Consider, for example, that IQVIA Launch Excellence studies have found that compared to other launches, excellent launches have 47% more real-world evidence published by volume. Other IQVIA studies suggest that adopting an IEP can make the process of building evidence more efficient by driving a 17% reduction in duplicated effort across a sponsor’s operations.
Through our collective experience, we’ve identified two keys to success for securing funding and executing a great IEP: building a business case to justify the IEP, and taking a strategic approach to realizing its value.

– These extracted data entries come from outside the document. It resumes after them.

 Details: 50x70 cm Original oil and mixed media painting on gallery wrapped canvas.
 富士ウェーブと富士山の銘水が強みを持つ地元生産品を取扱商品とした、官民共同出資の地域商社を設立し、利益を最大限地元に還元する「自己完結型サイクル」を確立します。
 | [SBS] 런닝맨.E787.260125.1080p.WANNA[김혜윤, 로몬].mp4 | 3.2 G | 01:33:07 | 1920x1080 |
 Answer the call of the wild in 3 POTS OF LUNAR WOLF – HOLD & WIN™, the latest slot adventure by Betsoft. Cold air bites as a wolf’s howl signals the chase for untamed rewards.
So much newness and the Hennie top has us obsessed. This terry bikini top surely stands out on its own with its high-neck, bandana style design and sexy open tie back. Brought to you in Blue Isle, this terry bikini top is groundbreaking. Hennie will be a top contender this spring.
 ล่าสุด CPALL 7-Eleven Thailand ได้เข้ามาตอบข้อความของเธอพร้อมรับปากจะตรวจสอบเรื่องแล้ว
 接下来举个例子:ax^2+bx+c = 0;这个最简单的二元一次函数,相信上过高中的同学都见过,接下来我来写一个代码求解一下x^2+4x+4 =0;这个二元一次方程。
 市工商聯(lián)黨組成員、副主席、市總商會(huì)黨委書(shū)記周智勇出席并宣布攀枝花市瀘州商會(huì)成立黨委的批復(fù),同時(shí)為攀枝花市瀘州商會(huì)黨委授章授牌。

As with any business case, the goal is to persuade stakeholders to invest time and budget in building an IEP. Focus on answering some fundamental questions: What are the expected benefits of an IEP? How much will it cost? How will the organization make it happen?

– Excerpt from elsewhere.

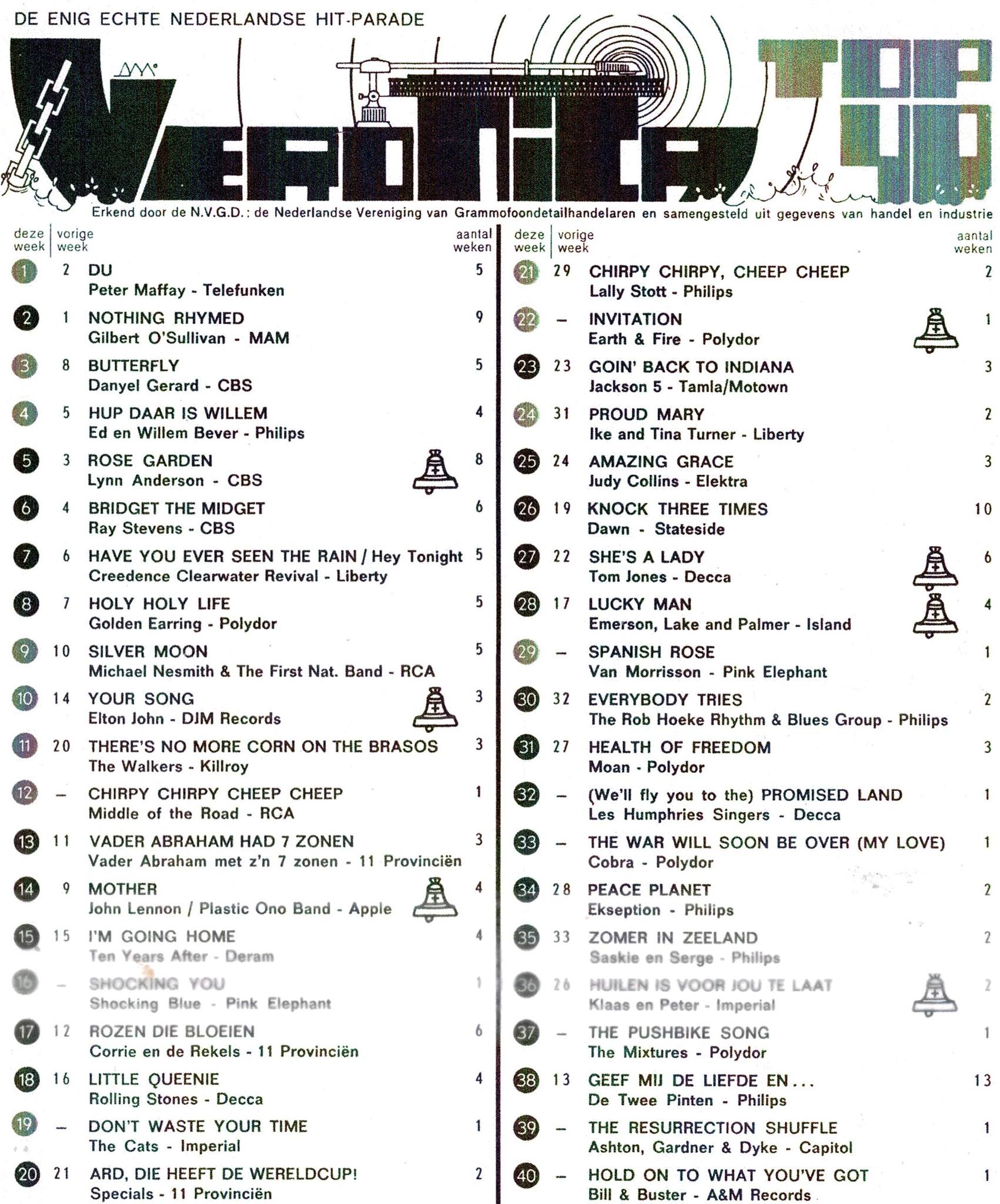 De plaat werd in 1971 opnieuw uitgebracht en stond in Nederland vijf weken en in België vier weken op de nummer 1-positie in de hitlijsten.

IQVIA’s and other industry studies help underscore potential benefits, but there will also be organization-specific advantages to highlight. For example, if RWE, Biomarker, Health Economics and Outcomes Research, and Medical Affairs teams are working in siloes, how much time and money are lost to inefficient designs and data sharing? How many strategic opportunities are missed from lack of communication and collaboration?
Breaking through siloes makes it possible to identify and address evidence needs with greater consistency and efficiency while maintaining high scientific integrity. Rather than waiting for a POC, Medical Affairs can proactively lead the effort to map cross-functional requirements and track evidence development over time. Another recurring benefit is early and active involvement of clinical stakeholders in an IEP. It’s critical to obtain clinical buy-in and willingness to incorporate outputs into the clinical development plan.

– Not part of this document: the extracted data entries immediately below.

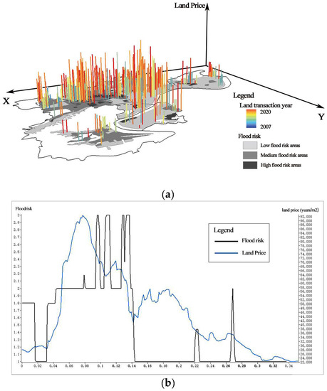 (a) Spatial 3D map of land price and flood risk, where the xy plane is the flood risk; (b) Sectional view of residential land price and flood risk, where the solid black line shows the flood risk curve from the west to east and the solid blue line shows the interpolated land price curve.
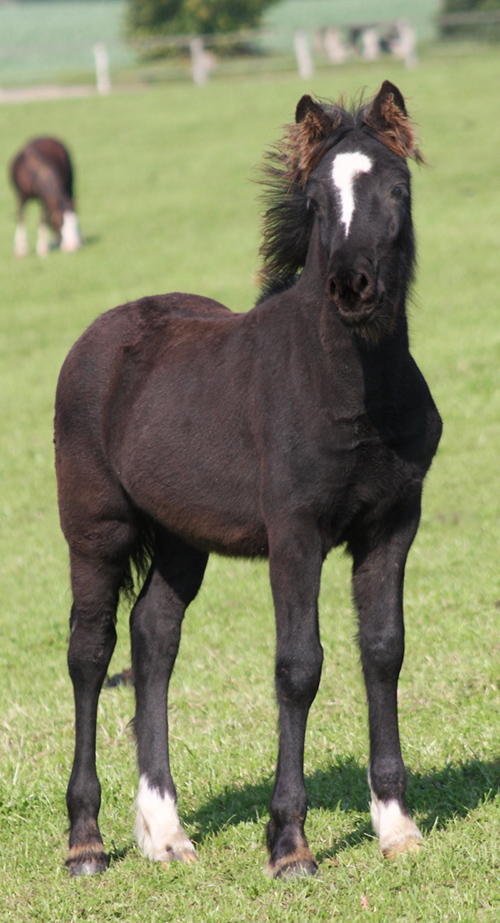 Welsh Cob Hengstfohlen geb. 29.05.2014 Rappe mit Keilstern , 2 weiße Socken Vater: Pantanamlwg Culhwch v. Gwynfaes Culhwch Mutter Rhydfendigaid Tanya v. Penddolfawr Cardi/ Pendam Cardi
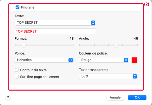Cette fonction ajoute un filigrane sous forme de texte flou dans le fond de l'image imprimée. Vous pouvez ajuster le format et l'angle du texte du filigrane.
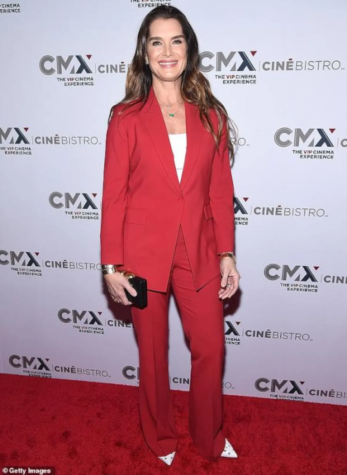 وتألقت الممثلة البالغة من العمر 53 عامًا باطلالة ذكورية، هي عبارة عن بدلة باللون الأحمر .
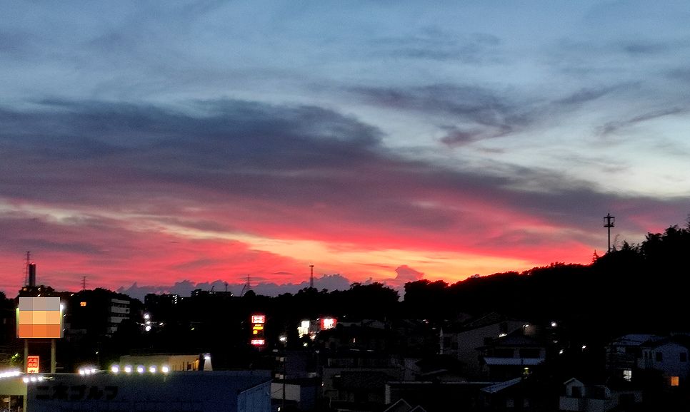 最近夕焼けに親しむ日々が続いております。同時に梅雨も明けた事もあり我が部屋から西の空を拝んでおりますよ^^(15日夕刻)
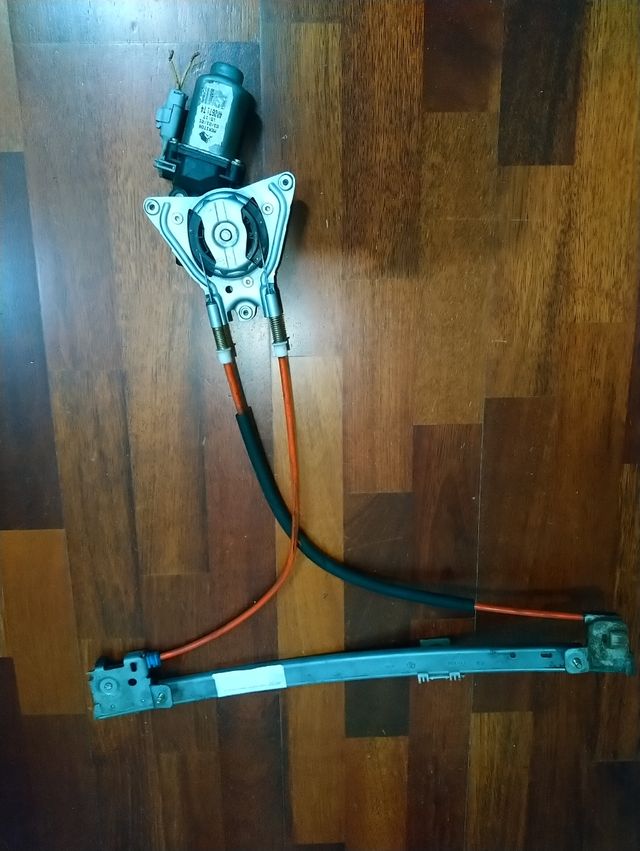 mecanismo completo de elevalunas izquierdo de Peugeot 106 año 2005. creo que tambien vale para Citroen saxo. se puede probar e indico como montarlo.
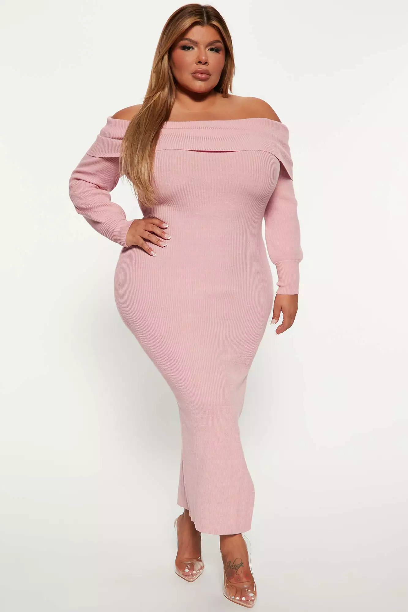 Fashion Nova Stormy Sweater Maxi Dress – Pink
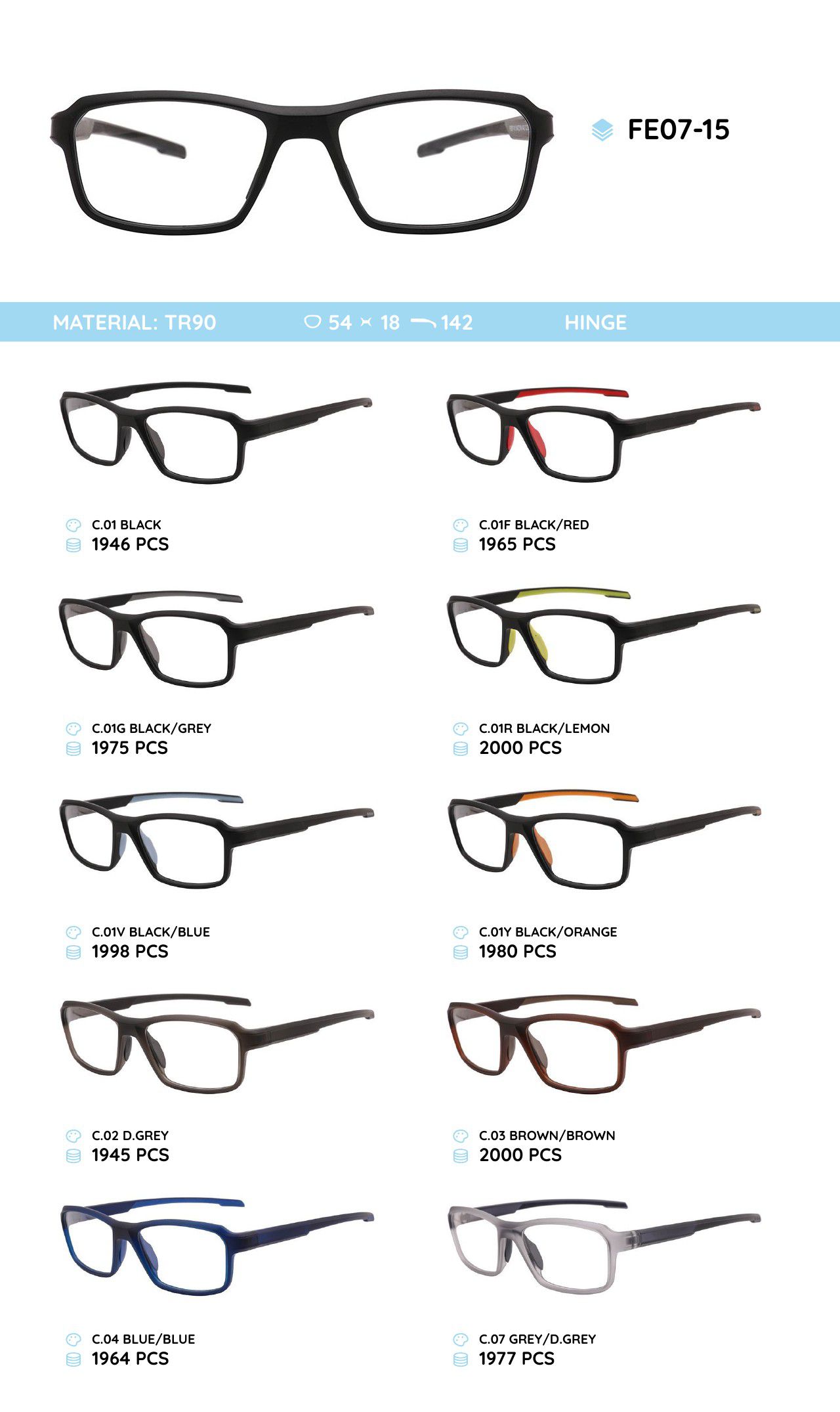 - Frame material: TR-90 plastic, silicone, metal

In terms of costs, an IEP can be developed and managed in a “lean” way. Initial development may require no more than half a day of time from members of other teams. If a vendor is involved, there may be some external costs, but an IEP can also help avoid other costs through more integrated planning and/or reduction in duplication of effort.
Once you have a clear strategy for securing resources for the IEP—and after socializing the idea to build secure internal support and momentum—step up and make the case.
Experience with evidence planning has yielded several key learnings about how to get the most from an IEP:
At IQVIA, we partner with you to navigate your strategic Medical Affairs journey, utilizing trusted medical evidence from clinical development through commercialization.
Discover how IQVIA Medical Affairs can elevate your impact and advance healthcare decision-making.U.S. Medical Affairs leverages therapeutic expertise to demonstrate the value of your therapy more effectively.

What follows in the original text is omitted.